Chenier is just one of the many Black children who lived through Hurricane Katrina and its devastating aftermath. But until filmmaker Edward Buckles Jr.—himself a child survivor of the 2005 tropical cyclone that remains the costliest in United States’ history—began asking questions for his multi-year project, many had never spoken publicly about their experiences.
Now, Buckles is letting the now-grown-up infants, toddlers, tweens and teenagers who lived through Katrina tell their own stories in the new documentary Katrina Babies.
“After losing so much, why wouldn’t anyone ask if we were okay?” Buckles says in the trailer. “Nobody ever asked the children how they were doing—so I am.”
Unlike traditional documentaries, Katrina Babies contains no interviews with experts or commentators. That was an intentional choice by Buckles, who wanted to let the childhood survivors speak for themselves and dictate their own narratives. As MSNBC’s Jarvis DeBerry writes in an opinion column, this uncommon stylistic choice makes the Katrina survivors “the authorities of their own lives.”
“Black children are talked about often but rarely listened to,” DeBerry writes. “They are frequently discussed, pitied or pathologized, but almost never asked to speak. They are commonly the subjects of stories, but less often those stories’ narrators.”
Hurricane Katrina struck Louisiana and other parts of the southeastern United States near the end of August 2005. In New Orleans, some 1.2 million people evacuated before the storm hit, but tens of thousands of residents remained. Federally constructed levees and floodwalls failed, flooding 80 percent of the city and causing widespread power outages. Some parts of New Orleans, including the Lower Ninth Ward, were almost totally submerged, which meant thousands of people were stranded on rooftops or trapped in attics for several days.
Federal disaster officials were slow to respond.

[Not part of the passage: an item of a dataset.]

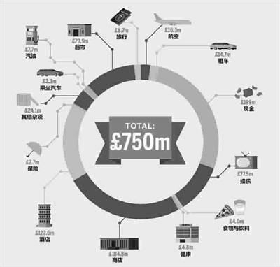 图为伦敦奥运会消费者支出明细,f为英镑符号,m为百万英镑,伦敦奥运会期间,消费者总支出为7.5亿英镑

In the end, an estimated 1,800 people died as a result of the disaster. Recovery efforts were slow and uneven, particularly in the city’s predominantly Black neighborhoods.
In Katrina Babies, Buckles argues that New Orleans still hasn’t fully recovered. And, perhaps more importantly, neither have the children who lived through the disaster and haven’t had many opportunities to process their trauma.
“Miesha is one of my best friends, and she is a subject in the film,” Buckles tells NPR’s “All Things Considered.” “She is the first person that breaks down in this film and says, ‘No one ever asks me about my story.’ And I realized that we weren’t just dealing with people telling their stories. We were dealing with people healing.”
The film won’t heal everyone, Buckles adds, but he hopes it’s a start.